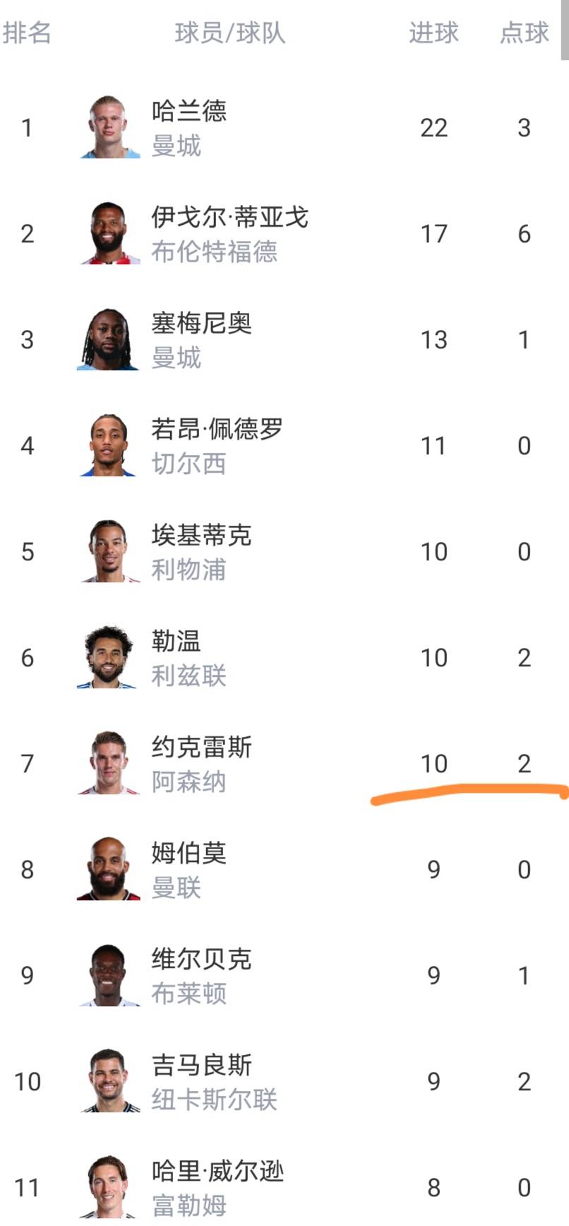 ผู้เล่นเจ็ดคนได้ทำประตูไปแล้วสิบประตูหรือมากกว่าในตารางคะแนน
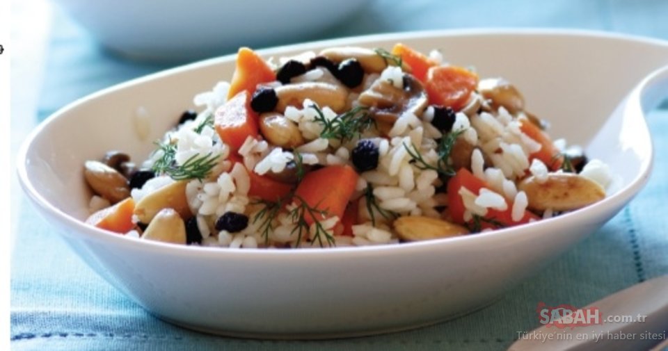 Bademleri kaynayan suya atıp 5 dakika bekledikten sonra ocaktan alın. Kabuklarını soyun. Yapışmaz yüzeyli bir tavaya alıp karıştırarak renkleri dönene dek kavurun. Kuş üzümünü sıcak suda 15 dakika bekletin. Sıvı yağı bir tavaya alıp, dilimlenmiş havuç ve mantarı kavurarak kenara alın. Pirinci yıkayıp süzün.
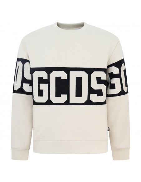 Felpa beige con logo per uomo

==========

- What this task involves
Only the lines from the one with "Bademleri kaynayan suya" through the end of the listing above should be output, exactly as written and with no pictures.

- Output for this task
 Bademleri kaynayan suya atıp 5 dakika bekledikten sonra ocaktan alın. Kabuklarını soyun. Yapışmaz yüzeyli bir tavaya alıp karıştırarak renkleri dönene dek kavurun. Kuş üzümünü sıcak suda 15 dakika bekletin. Sıvı yağı bir tavaya alıp, dilimlenmiş havuç ve mantarı kavurarak kenara alın. Pirinci yıkayıp süzün.
 Felpa beige con logo per uomo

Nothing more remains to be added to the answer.